(Items from a data source)

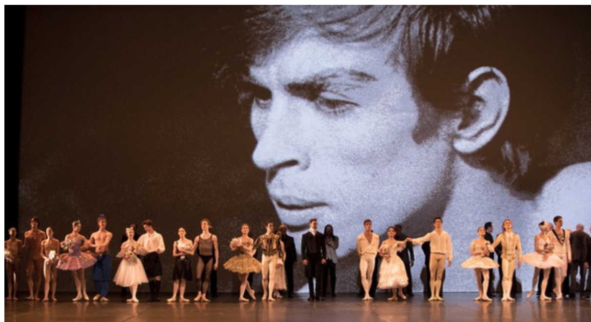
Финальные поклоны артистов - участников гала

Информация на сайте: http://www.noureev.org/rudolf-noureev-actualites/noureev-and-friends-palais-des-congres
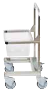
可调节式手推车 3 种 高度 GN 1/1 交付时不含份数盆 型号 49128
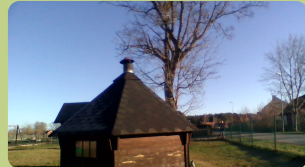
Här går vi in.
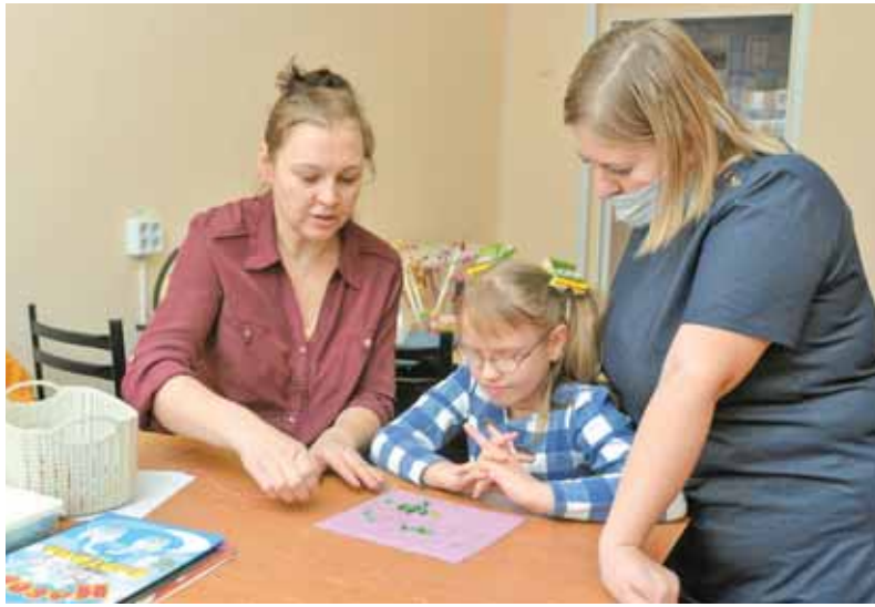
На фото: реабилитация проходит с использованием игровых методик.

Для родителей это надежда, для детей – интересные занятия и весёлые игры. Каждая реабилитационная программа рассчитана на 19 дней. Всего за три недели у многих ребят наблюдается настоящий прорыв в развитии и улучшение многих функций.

● **TASK REQUIREMENTS**
Could you retype all the entries above exactly, without the pictures?

● **TASK ANSWER**
Финальные поклоны артистов - участников гала

Информация на сайте: http://www.noureev.org/rudolf-noureev-actualites/noureev-and-friends-palais-des-congres
可调节式手推车 3 种 高度 GN 1/1 交付时不含份数盆 型号 49128
Här går vi in.
На фото: реабилитация проходит с использованием игровых методик.

Для родителей это надежда, для детей – интересные занятия и весёлые игры. Каждая реабилитационная программа рассчитана на 19 дней. Всего за три недели у многих ребят наблюдается настоящий прорыв в развитии и улучшение многих функций.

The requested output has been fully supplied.